Kernel computations from large-scale random features obtained by Optical Processing Units
This work addresses the problem of scaling kernel methods for large datasets, benefiting researchers and practitioners in machine learning by offering a hardware-accelerated solution, though it is incremental as it builds on existing random features and optical hardware concepts.
The paper tackles the computational challenge of large-scale random features for kernel approximations by leveraging Optical Processing Units (OPUs) to perform fast and energy-efficient analog computations, achieving competitive performance in kernel ridge regression and image classification tasks with significant time and energy savings.
Approximating kernel functions with random features (RFs)has been a successful application of random projections for nonparametric estimation. However, performing random projections presents computational challenges for large-scale problems. Recently, a new optical hardware called Optical Processing Unit (OPU) has been developed for fast and energy-efficient computation of large-scale RFs in the analog domain.
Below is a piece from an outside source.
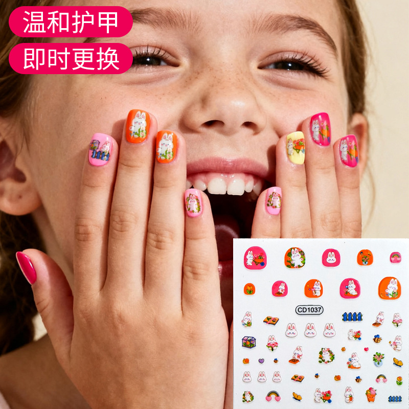 儿童美甲全贴贴花安全无毒可爱卡通动物图案防水防污派对日常装饰

More specifically, the OPU performs the multiplication of input vectors by a large random matrix with complex-valued i.i.d. Gaussian entries, followed by the application of an element-wise squared absolute value operation - this last nonlinearity being intrinsic to the sensing process. In this paper, we show that this operation results in a dot-product kernel that has connections to the polynomial kernel, and we extend this computation to arbitrary powers of the feature map. Experiments demonstrate that the OPU kernel and its RF approximation achieve competitive performance in applications using kernel ridge regression and transfer learning for image classification. Crucially, thanks to the use of the OPU, these results are obtained with time and energy savings.